今月18日に開催されたWooCommerce 開発者来日イベント「WooCommerce をもっと知ろう!」に参加してきましたので、手元のメモから思い出しつつレポート書いてみます。

そもそもWooCommerceって?

まずWooCommerceとは何かというと、WordPressのECカートプラグインです。日本のオープンソースでECといえば

  • WordPressのカートプラグインではWelCart
  • ECサイト構築ではEC-CUBE

が有名どころです。WooCommerceは日本ではまだあまり有名ではありませんが、世界的にはよく使われています。また、WordPress.comを運営しているAutomattic社が去年WooCommerceを買収しました。WordPressにおける本家本元ともいえる立ち位置を確保したため、日本でも採用例が増えるのではないかと思っています。

とはいえ本イベントの参加者数は40人程度。まだまだこれから、ですね。

田中昌平さんによるセッション

まずWooCommerceの日本語訳をされている田中昌平さんによるセッションです。歴史的な流れなどいろいろ話していただきましたが以下メモから。

  • バージョン変わるごとにイメージキャラクター(動物)が変わっているよ
  • EndPoint対応してるよ
  • REST APIに対応してるよ
  • Hookポイントが多くていろいろ細かい機能追加しやすいよ
  • onboarding wizardで初期設定が簡単になったよ
  • WooCommerce対応テーマも販売されているけど○○は参考にならないので注意。WooCommerceに同梱されているthemeディレクトリがひな形なのでコピーすれば簡単に作れるよ
  • 日本のコミュニティ立ち上げるつもり。2016年を日本におけるWooCommerce元年にしたい

WordPressはフロント画面を作りやすいのでそのメリットを強調されていましたが、一方で管理画面側には特に言及されていませんでした。そちらはあまり強みにはならないのかもしれません。REST APIがあるのでカバーしようと思えばできるのかもしれませんが……。
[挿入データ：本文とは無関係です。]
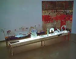 Between 2004 and 2007, Butler worked on the project Art and Cold Cash.[18] The collective of artists who worked on the project included southern-Canadian visual artists Sheila Butler and Patrick Mahon, as well as northern-Canadian writer Ruby Arngna'naaq and artist William Noah.[19]Art and Cold Cash was showcased in art galleries across Canada, arctic settlements, the University of Edinburgh, and the Toronto Pearson International Airport.[4]

別のイベントで別の方が「WordPress管理画面程度でも一般の人には複雑」という話をされていたので、WooCommerceに限らずWordPressを使う場合は課題かもしれません。

ブライス・アダムスさんによるQ&A

WooCommerce開発者のブライス・アダムスさんと田中昌平さんが来場者の質問に答えるQ&Aコーナーです。ブライスさんは日本語ができないので高野直子さんによる通訳です。

以下、思い出しながら。

WooCommerceを使ったおすすめサイトは?

どれだか忘れましたが、ブラックフライデー期間に2億円を売り上げたとかなんとか。結構なアクセス数をさばけるサイトを作ろうと思えば作れるということですね(サーバをどれだけ用意したかは不明)。

WooCommerceでライバルサイトに勝つには?

  • そんな機能はない
  • マーケティングが重要になると思うが、WordPressはページを作りやすいので、それを有利に働かせられるだろう

EC-CUBEで固定ページを作るのはそれなりに大変なので、CMSとしてのWordPressがあるのはWooCommerceの強みと思います。

ボトルネックになりやすいポイントは?

  • そんなにないはず
  • たぶんサーバ設定か、ほかのプラグインがボトルネックになるかも

個人的にはWordPress自体がスケールアウトしにくく思っているので、性能限界がほかにあるだろうという話は納得です(スケールアウトできないからダメということはなく、KUSANAGIのようにサーバ単体の性能で頑張る方法+スケールアップが現実解として十分通用するかとは思います)。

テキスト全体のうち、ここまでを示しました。